9 – Muito tem se falado sobre a inclusão de crianças com atraso no desenvolvimento infantil nas escolas. Inclusive, é lei que todas tenham direito a mediador nas escolas. O que tem a dizer sobre isso?
A inclusão, infelizmente, em muitas escolas, em muitas realidades, ainda é uma utopia. É lei que todas as crianças estejam na escola e todas precisam ter um profissional qualificado para trabalhar as suas dificuldades, mas não é essa a realidade. Isso depende de uma série de fatores. Vindo do governo, é necessário que esses profissionais estejam dentro das escolas sejam qualificados, com oferta de treinamento constante para eles.
Na rede particular, é preciso entender também que é um custo de aula e não existe incentivo nenhum por parte deles. Para que essas escolas tenham este profissional, é necessário qualificar todos.
Todos precisam estar preparados para a inclusão, mas infelizmente não é o que eu vejo na prática. Vejo escolas com salas de recursos lindas, maravilhosas, mas sem nenhum profissional qualificado para conseguir utilizar aqueles materiais maravilhosos que tem nas salas de recursos.

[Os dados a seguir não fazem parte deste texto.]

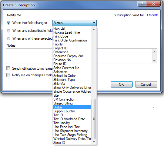 The subscription is valid for 1 month as default, you can click on the link to change the valid time to 1 week, 3 months or 1 year. A special 'One-Time' notification can also be selected where you will only be notified about a change just once, and after that the subscription will be removed automatically. A reminder is sent to the Streams panel if there is an expiring subscription that you can choose to extend if needed.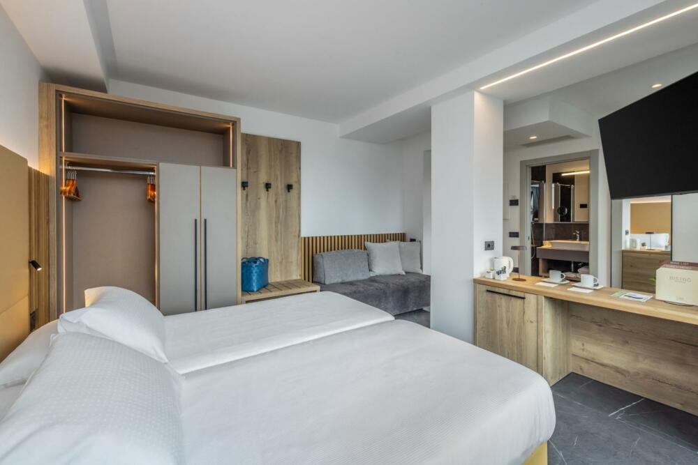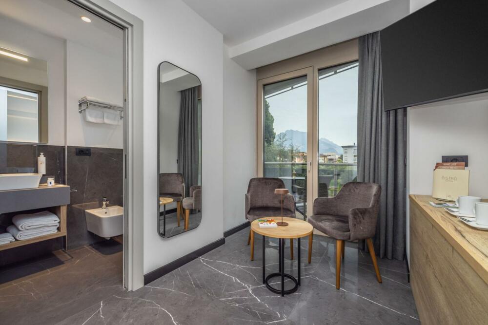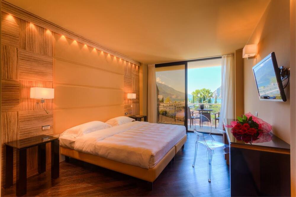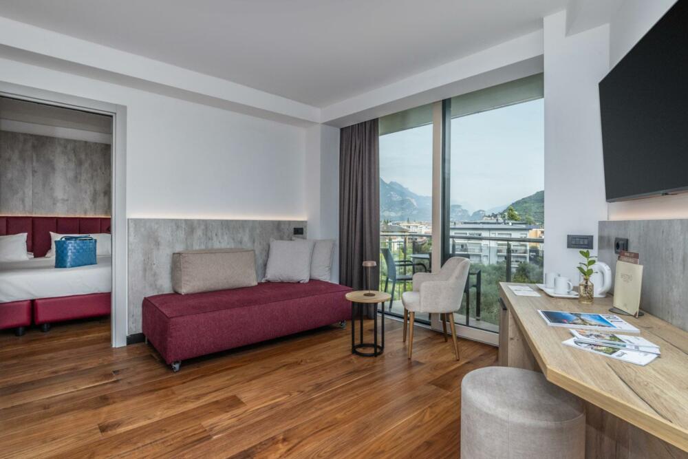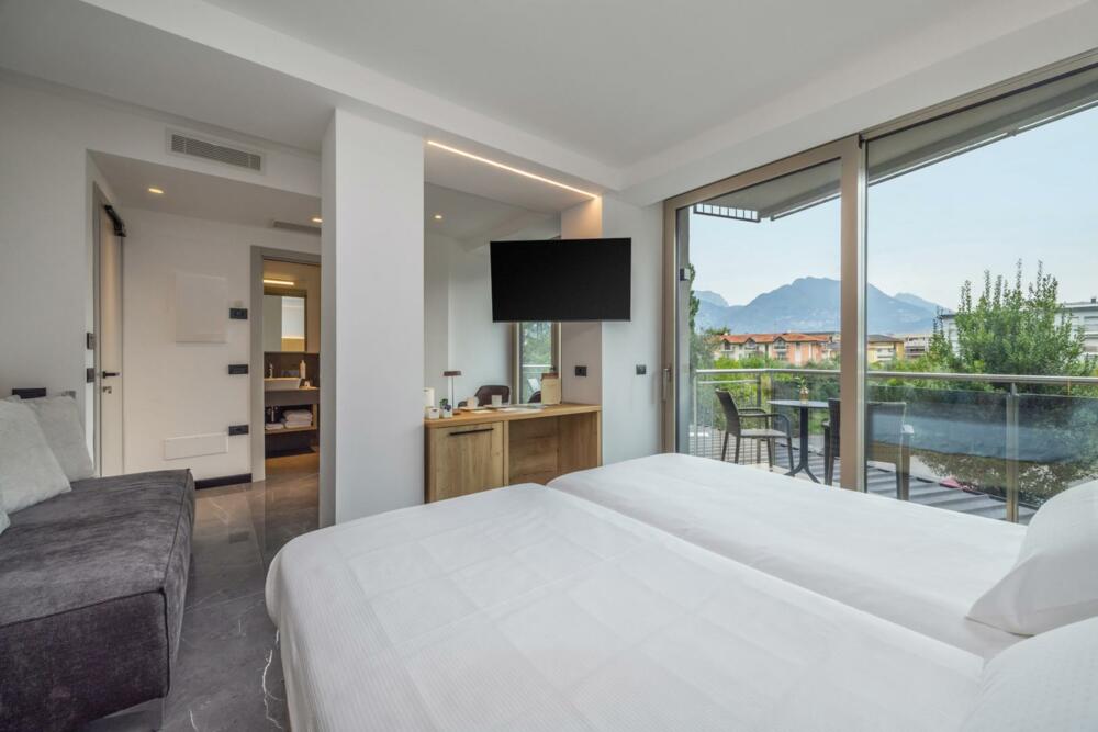 Das Garda Suite Hotel liegt nur wenige Meter vom Strand und weniger als einen Kilometer von der Altstadt von Riva del Garda entfernt. Das im Jahr 2024 komplett renovierte Hotel verfügt über geräumige Zimmer und Suiten, teilweise mit herrlichem Seeblick. Alle ausgestattet mit Balkon oder Terrasse, Holz- oder Keramikboden, Klimaanlage, LCD-Sat-TV, Minibar, Safe, Bademantel und Hausschuhen, Pflegeset, Poolhandtuch und kostenfreiem W-Lan.

Então, às vezes as pessoas garantem um material muito bom, mas o mais difícil e necessário, que é o material humano e qualificar as pessoas que trabalham, não fazem. A dificuldade é a de se ter qualificação para conseguir garantir uma educação respeitosa, garantindo que o aluno tenha uma educação de acordo com o que precisa, porque cada um aprende de uma forma diferente.
Uma outra coisa que acontece também é a necessidade de se ter um laudo. Dentro da escola, não é necessário um laudo para entender, para observar que aquele aluno precisa de uma ajuda a mais, mas às vezes isso é muito burocrático. Além disso, ao perceber que a criança tem dificuldade, então é só começar a adaptar tudo e ter uma mediadora. Mas, vendo pela perspectiva da escola, realmente é algo difícil, pois colocar mais profissionais qualificados é uma conta que não fecha, a verdade é essa!

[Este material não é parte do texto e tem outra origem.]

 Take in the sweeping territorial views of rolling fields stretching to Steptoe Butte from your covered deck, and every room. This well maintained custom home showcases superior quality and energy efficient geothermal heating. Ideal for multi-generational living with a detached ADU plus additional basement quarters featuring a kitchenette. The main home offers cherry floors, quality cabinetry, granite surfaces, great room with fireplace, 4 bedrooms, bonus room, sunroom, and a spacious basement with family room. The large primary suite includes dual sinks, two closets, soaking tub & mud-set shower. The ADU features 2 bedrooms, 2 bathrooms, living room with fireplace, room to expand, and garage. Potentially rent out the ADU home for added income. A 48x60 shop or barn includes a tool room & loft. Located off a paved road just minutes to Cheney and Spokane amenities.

10 – Por fim, como a família pode ajudar nos cuidados de uma criança que tem transtorno e qual o apoio que precisam para lidar com essa questão?
Acho que essa é a pergunta mais difícil, porque não é somente a família que tem que ajudar. A sociedade precisa, como rede, proporcionar isso. A família faz o que pode e, assim, precisa de suporte da escola, dos terapeutas, pois ela está inserida em todos os contextos sociais que a criança transita. Então, a família precisa de apoio e ferramentas. E quem vai dar essas ferramentas? A escola, os terapeutas, as pessoas que estão ali à volta dessa família. Quanto mais integrada a família está, mais mergulhada nas dificuldades, tem mais capacidade e habilidade para ajudar. Então, todos precisam trabalhar em conjunto.